DATA SECTION:
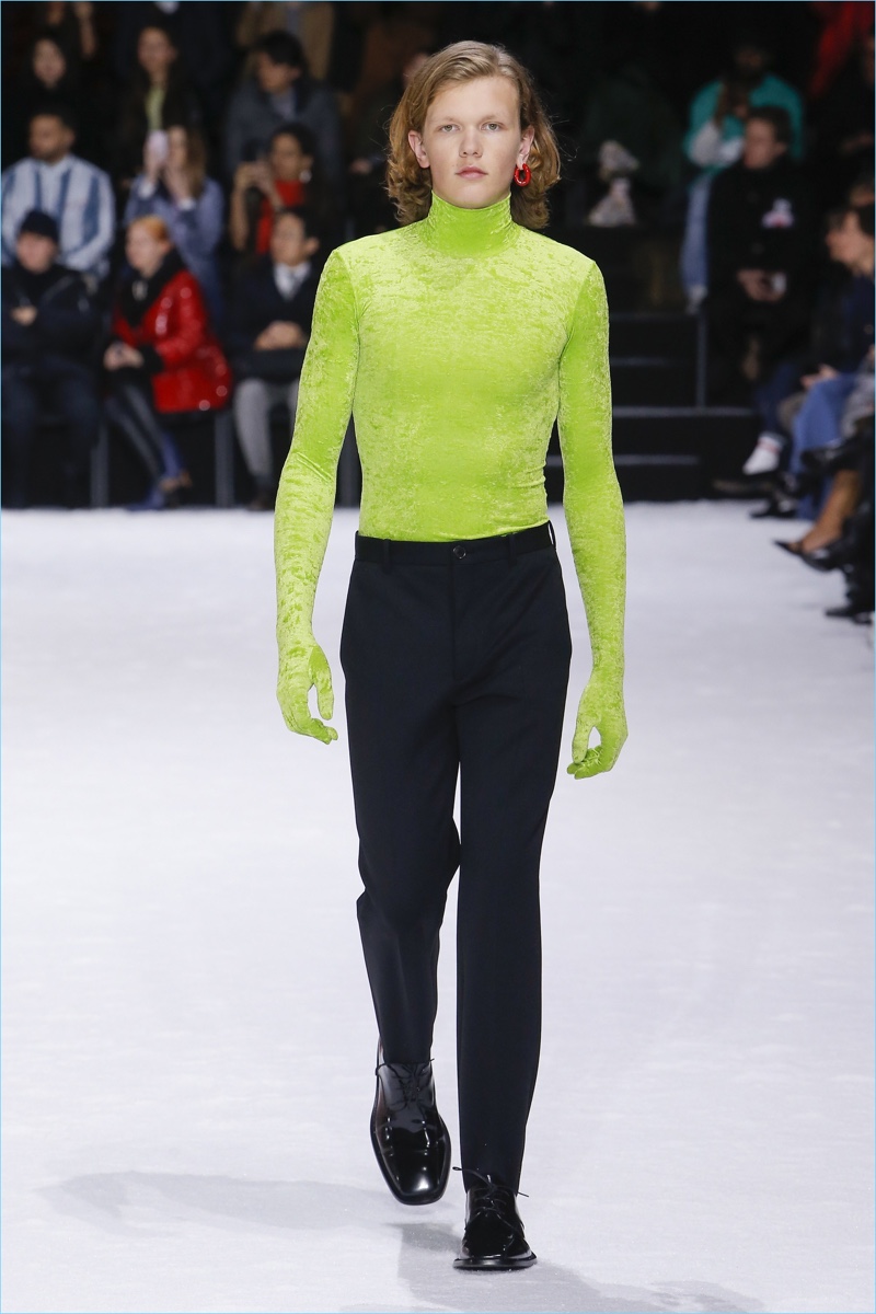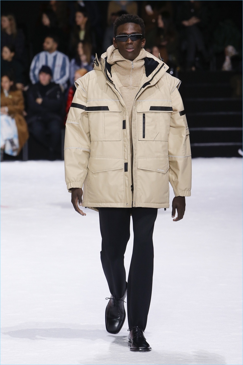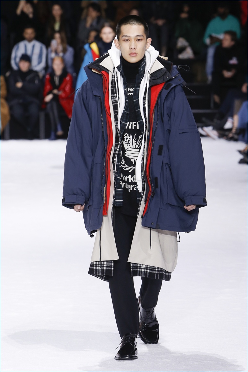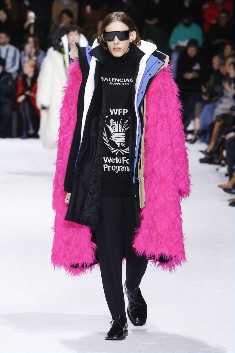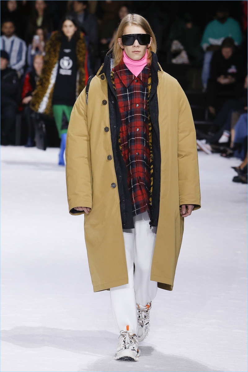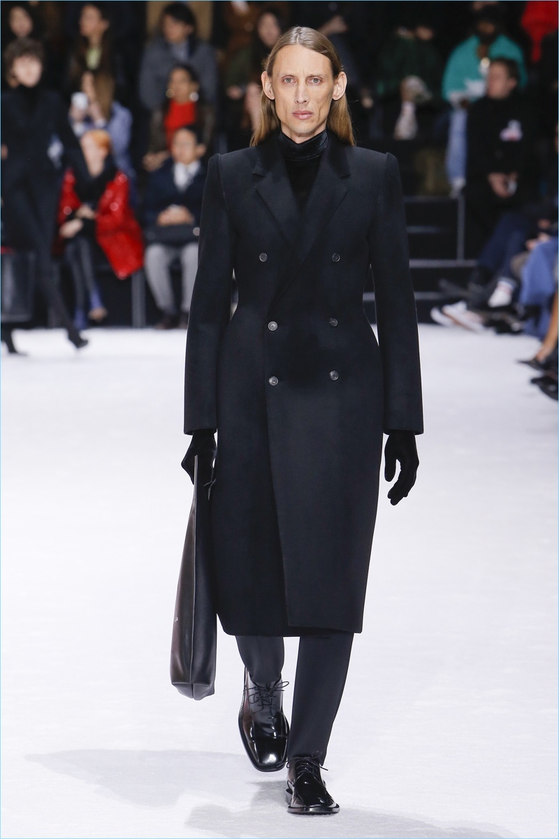 Demna Gvasalia follows the progression of the Balenciaga man for fall-winter 2018. The designer revisits the design codes of Cristóbal Balenciaga and transitions into his own aesthetic for the fashion house. Set against a snowy winter landscape, Gvasalia braces his man for the cold. Body-hugging turtlenecks open up to jackets and coats that pinch at the waist. Meanwhile, the initial formality of the season gives way to Gvasalia’s nostalgic approach towards streetwear. Nineties vibes reign as the designer embraces a vintage-like attitude. It’s here that oversized shirt jackets join layers of tees, sweaters, hoodies, and parkas. For footwear, the Balenciaga man is treated to retro-style sneakers and classic leather dress shoes.
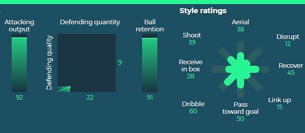 As the above image indicates, Grealish retains the ball very well. He is also a heavy contributor to Aston Villa's attacks as shown by his attacking output. The Englishman is not one to dribble excessively but rather tries to bring his teammates into the game.
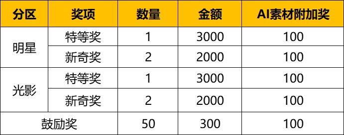 (注:AI素材附加奖——若获奖作品中大量使用了AI素材,则可额外获得获奖名次对应的AI素材附加奖。)
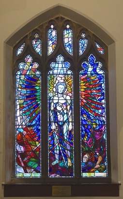 Stained glass window, Christ Church Charnock. The WW2 memorial plaque is beneath the window - Taken by David Long 08 Apr 2018
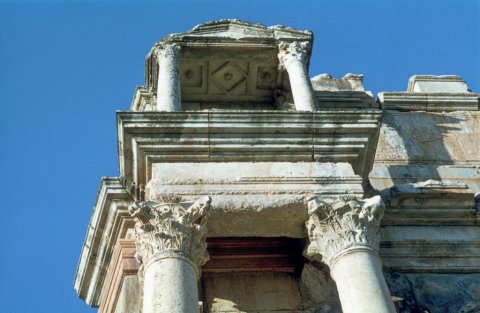 - Imp(eratori) Ca[es(ari)] M(arco) Aurelio Severo Antonino Pio Felici Aug(usto) / Parth[ic]o maximo Britannico max(imo) Germanico max(imo) / pontif(ici) [m]ax(imo) trib(unicia) pot(estate) XVIIII co(n)s(uli) IIII imp(eratori) III p(atri) p(atriae) proco(n)s(uli) / et Iuli[ae] Domnae Piae Felici Aug(ustae) matri eius et senatus et pa/triae et [cas]trorum et divo Severo Aug(usto) Pio patri Imp(eratoris) Caes(aris) M(arci) Aureli Se/veri Ant[onini] Pii [Felic]is Aug(usti) arcum triumphalem a solo d(ecreto) d(ecurionum) res p(ublica) fecit

ABOUT THIS TASK: When the line that holds "Stained glass window, Christ" is reached, begin duplicating exactly, and continue through the last line of the listing, skipping the pictures; output nothing else.

WRITTEN ANSWER:
 Stained glass window, Christ Church Charnock. The WW2 memorial plaque is beneath the window - Taken by David Long 08 Apr 2018
 - Imp(eratori) Ca[es(ari)] M(arco) Aurelio Severo Antonino Pio Felici Aug(usto) / Parth[ic]o maximo Britannico max(imo) Germanico max(imo) / pontif(ici) [m]ax(imo) trib(unicia) pot(estate) XVIIII co(n)s(uli) IIII imp(eratori) III p(atri) p(atriae) proco(n)s(uli) / et Iuli[ae] Domnae Piae Felici Aug(ustae) matri eius et senatus et pa/triae et [cas]trorum et divo Severo Aug(usto) Pio patri Imp(eratoris) Caes(aris) M(arci) Aureli Se/veri Ant[onini] Pii [Felic]is Aug(usti) arcum triumphalem a solo d(ecreto) d(ecurionum) res p(ublica) fecit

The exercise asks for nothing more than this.